Review: SAFETY NOT GUARANTEED (2012)
Written by: Derek Connolly
Directed by: Colin Trevorrow
Starring: Aubrey Plaza, Mark Duplass, Jake M. Johnson, Karan Soni
In Short: Believe.
Recommended: Hell Yes!
KENNETH: Have you ever faced certain death?
DARIUS: If it was so certain, I wouldn’t be here, would I?
Darius (Aubrey Plaza) is a twenty-something intern at a glossy Seattle magazine who spends her days taking abuse from the editorial staff and her nights doing not much of anything interesting. Indeed, the perpetually gloomy and sarcastic Darius has few friends and in fact seems to be a virgin – this intelligence having been vouchsafed to her father (humiliatingly enough) by her former roommate, with whom he is Facebook friends. Unsurprisingly, her attitude masks an unshakeable sadness and loneliness. But she knows perfectly well that she’s spinning her wheels, so when Jeff (Jake M. Johnson), a douchey staff writer at the magazine, pitches a puff piece about some nutjob who has placed an ad in the paper looking for someone to accompany him back in time, she volunteers to help out.
Soon Darius, Jeff, and an ultra-nerd named Arnau (Karan Soni), who has no particular interest in journalism but thinks that “diversity” will look good on his graduate school applications, are on their way up the Washington coast in Jeff’s Escalade (he’s the type of person who makes sure everyone knows he drives an Escalade) in search of what they think will be a light and funny story. Fairly quickly, they track down the person who placed the ad, a reclusive, deeply paranoid sort named Kenneth (Mark Duplass). Kenneth recognizes Jeff’s insincerity and general jackassitude almost immediately and decisively rejects him as a candidate, but Darius has better luck.

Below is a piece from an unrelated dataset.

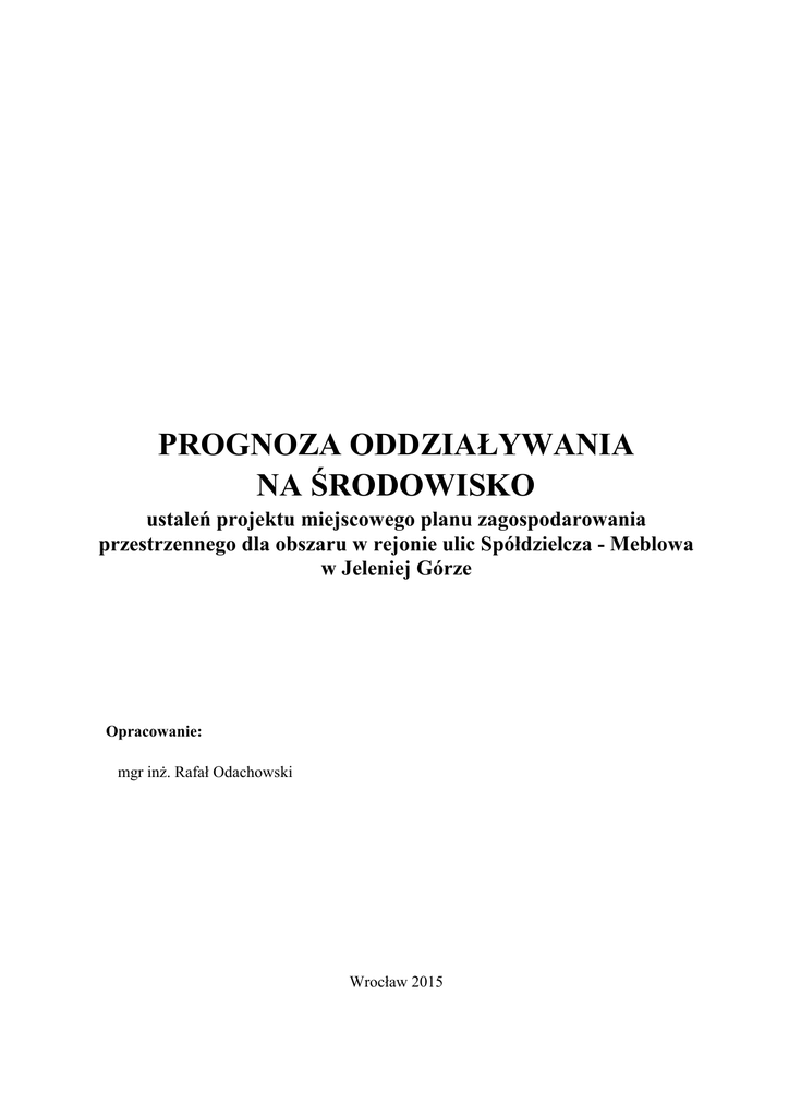 PROGNOZA ODDZIAŁYWANIA NA ŚRODOWISKO ustaleń projektu miejscowego planu zagospodarowania przestrzennego dla obszaru w rejonie ulic Spółdzielcza - Meblowa w Jeleniej Górze Opracowanie: mgr inż. Rafał Odachowski Wrocław 2015 Spis treści 1. Wprowadzenie..................................................................................................................... 3 1.1. Podstawa prawna, cel i zakres opracowania ................................................................... 3 1.2. Wykorzystane materiały i metody pracy......................................................................... 3 1.3. Informacje o zawartości, głównych celach projektu MPZP ........................................... 4 2. Ocena stanu i funkcjonowania środowiska oraz tendencje zmian przy braku realizacji MPZP......................................................................................................................... 5 2.1 Charakterystyka środowiska przyrodniczego................................................................ 5 2.2. Stan środowiska i występujące zagrożenia ................................................................... 7 2.3. Tendencje przeobrażeń przy braku realizacji MPZP .................................................. 11 3. Analiza ustaleń planu i ocena zgodności z uwarunkowaniami ekofizjograficznymi........ 11 4. Przewidywany wpływ realizacji ustaleń projektu MPZP na środowisko ......................... 12 4.1. Analiza wpływu ustaleń planu na środowisko ............................................................ 12 4.2. Oddziaływanie miejscowego planu zagospodarowania przestrzennego poza obszarem opracowania ................................................................................................ 14 4.3. Informacje o możliwym transgranicznym oddziaływaniu na środowisko.................. 15 4.4. Oddziaływanie na formy ochrony przyrody................................................................ 15 4.5. Kompleksowa ocena skutków wpływu ustaleń MPZP na środowisko przyrodnicze . 15 5. Metody analizy realizacji postanowień projektu planu..................................................... 16 6. Przedstawienie rozwiązań mających na celu zapobieganie, ograniczenie lub kompensację przyrodniczą negatywnych oddziaływań na środowisko .................................. 17 7. Przedstawienie rozwiązań alternatywnych do rozwiązań zawartych w projekcie MPZP 17 8. Informacje o celach ochrony środowiska i powiązania z innymi dokumentami .............. 17 9. Streszczenie....................................................................................................................... 20 2 1. Wprowadzenie 1.1. Podstawa prawna, cel i zakres opracowania Obowiązek sporządzenia prognozy oddziaływania na środowisko ustaleń projektu miejscowego planu zagospodarowania przestrzennego wynika z art. 46 ustawy z dnia 3 października 2008 r. o udostępnianiu informacji o środowisku i jego ochronie, udziale społeczeństwa w ochronie środowiska oraz o ocenach oddziaływania na środowisko, która jednocześnie ustala zakres merytoryczny opracowania. Zgodnie z art. 17 pkt 4 ustawy z dnia 27 marca 2003 roku o planowaniu i zagospodarowaniu przestrzennym prognozę oddziaływania na środowisko sporządza organ opracowujący projekt miejscowego planu zagospodarowania przestrzennego (MPZP). Prognoza obejmuje obszar objęty projektem MPZP, wraz z obszarami pozostającymi w zasięgu oddziaływania wynikającego z realizacji ustaleń planu. Sporządzenie planu zostało zainicjowane uchwałą 65.IX.2015 z dnia 21 kwietnia 2015 r. w sprawie przystąpienia do sporządzenia miejscowego planu zagospodarowania przestrzennego w rejonie ulic Spółdzielcza - Meblowa w Jeleniej Górze. Celem sporządzenia prognozy jest ocena skutków (zarówno negatywnych, jak i pozytywnych), jakie mogą wynikać z projektowanego przeznaczenia terenu oraz realizacji ustaleń projektu planu na środowisko, a w szczególności na różnorodność biologiczną, ludzi, zwierzęta, rośliny, wodę, powietrze, powierzchnię ziemi, krajobraz, klimat, zasoby naturalne oraz zabytki, z uwzględnieniem wzajemnych powiązań między tymi elementami. W opracowaniu przedstawiono analizę stanu i funkcjonowania środowiska, jego zasobów i innych uwarunkowań przyrodniczych. Prognoza ocenia rozwiązania funkcjonalnoprzestrzenne i inne ustalenia zawarte w projekcie miejscowego planu zagospodarowania przestrzennego pod kątem zgodności z uwarunkowaniami ekofizjograficznymi i zgodności z przepisami prawa dotyczącymi ochrony środowiska. Prognoza identyfikuje przewidywane zagrożenia dla środowiska, które mogą powstać na terenach znajdujących się w zasięgu oddziaływania wynikającego z realizacji ustaleń MPZP. 1.2. Wykorzystane materiały i metody pracy W trakcie przygotowania niniejszego opracowania rozpoznano walory i zasoby przyrodnicze, stan zagospodarowania, walory krajobrazowe, stan środowiska i istniejące zagrożenia oraz uciążliwości dla środowiska i zdrowia człowieka. Przeanalizowano wzajemne powiązania między elementami środowiska, odporność poszczególnych elementów środowiska na degradację oraz dokonano kompleksowej oceny terenu. Wykorzystano opracowania poruszające problematykę ochrony środowiska miasta Jelenia Góra, materiały kartograficzne, a także przeprowadzono wizję terenu. Zastosowana w prognozie metoda polega na porównaniu aktualnego funkcjonowania obszaru z funkcjonowaniem przewidywanym jako skutek realizacji ustaleń planu. Realizacja ustaleń zawartych w projekcie miejscowego planu zagospodarowania przestrzennego spowoduje zróżnicowane zmiany w środowisku. Ich charakter, intensywność oraz zasięg uzależniony będzie od faktycznego sposobu zagospodarowania terenu oraz stopnia realizacji zapisów zawartych w projekcie planu miejscowego. Ocenę następstw realizacji ustaleń planu dokonano z podziałem ze względu na

She’s also more or less on her own with Kenneth, since Jeff largely abandons the effort in favor of reconnecting with a former girlfriend (a luminous Jenica Bergere) and Arnau would rather hang out in the motel, gaming on his super-fast computer. (It’s so fast it has flames on it.) But although Kenneth is certainly eccentric to the nth degree, he’s also intelligent, kind-hearted, and sensitive, not to mention attractive in an ordinary-folks kind of way. He is also absolutely, sincerely convinced, beyond a shadow of a doubt, that he’s figured out how to travel through time and change the past.

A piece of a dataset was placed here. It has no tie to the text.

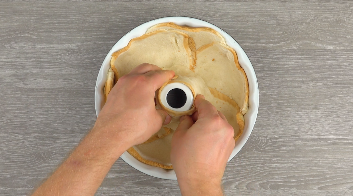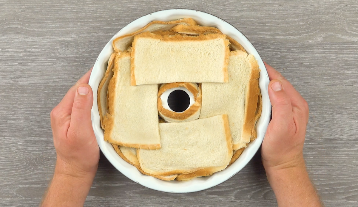 1.2) Plätte mit einem Nudelholz die Toastscheiben und halbiere 5 von ihnen. Lege die 6 übrigen, ganzen Scheiben in eine Gugelhupfform an die Außenwände und 2 halbe Scheiben um den Innenring.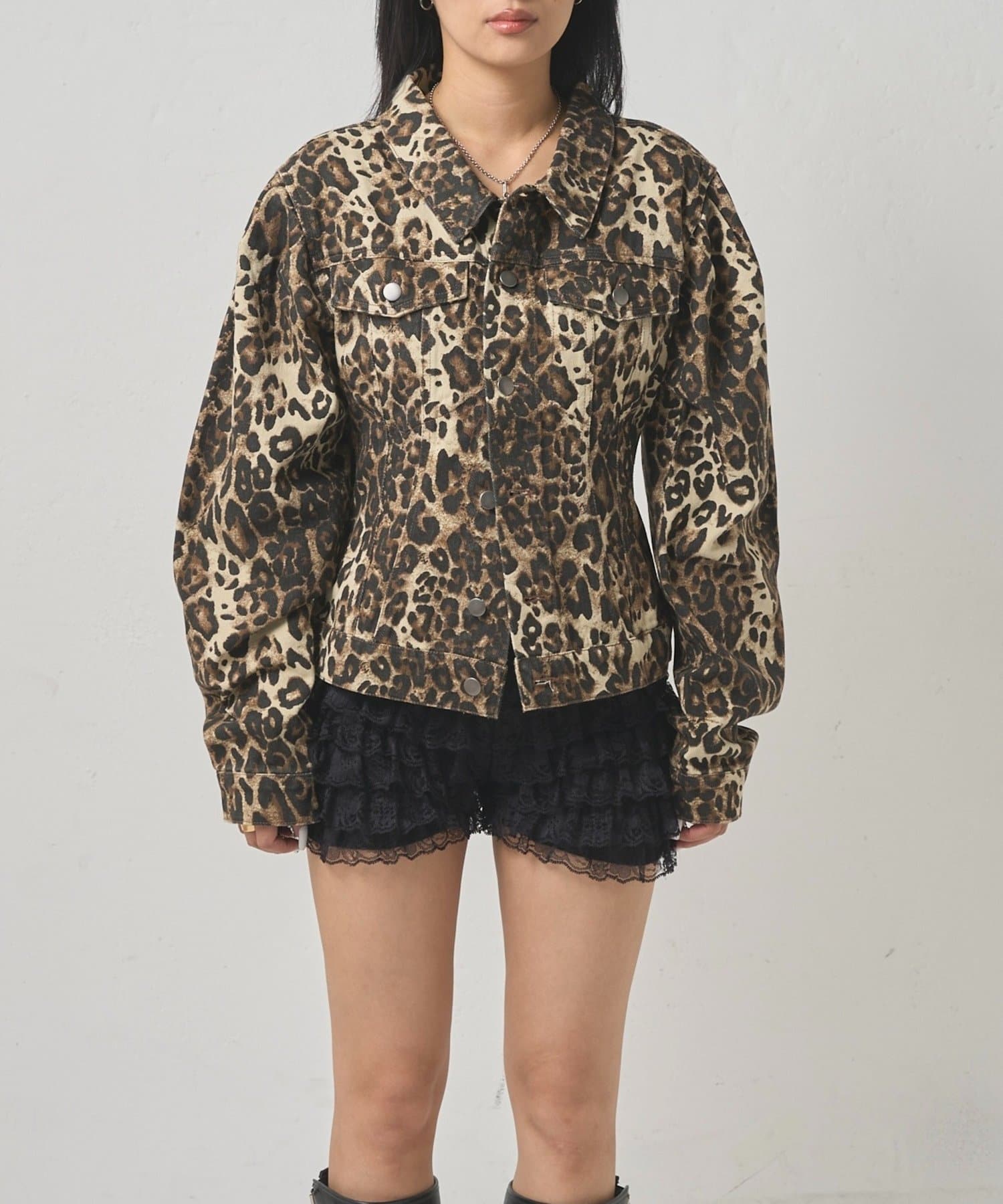 ・ミニ丈のボトムス×レオパード柄で、ギャルっぽい着こなしもおススメです。

Schizoid freak show? Domestic terrorist? Mad genius? Maybe a little of all of these? Darius doesn’t know, and whenever we’ve decided *we know, writer Derek Connolly throws another twist at us. What’s clear is that the two oddballs find in one another true kindred spirits, and by the time the pitch-perfect ending (I won’t give it away) rolls around, actual literal time travel is kind of almost beside the point.
While Darius and Kenneth train for their “mission” to the past, Jeff, who it turns out has every reason to want to get out of the office for a while, hooks up with his high-school ex. (“My first blow job,” he proudly informs the bemused interns.) But instead of the wild and crazy golden-haired goddess he remembers, he discovers a refreshingly grounded woman who likes him well enough but sees right through his big-shot facade, and their encounter leaves him aching for the good old days when he was a high school BMOC with the prettiest girl in school on his arm. It seems that Kenneth isn’t the only person in western Washington who longs for yesterday.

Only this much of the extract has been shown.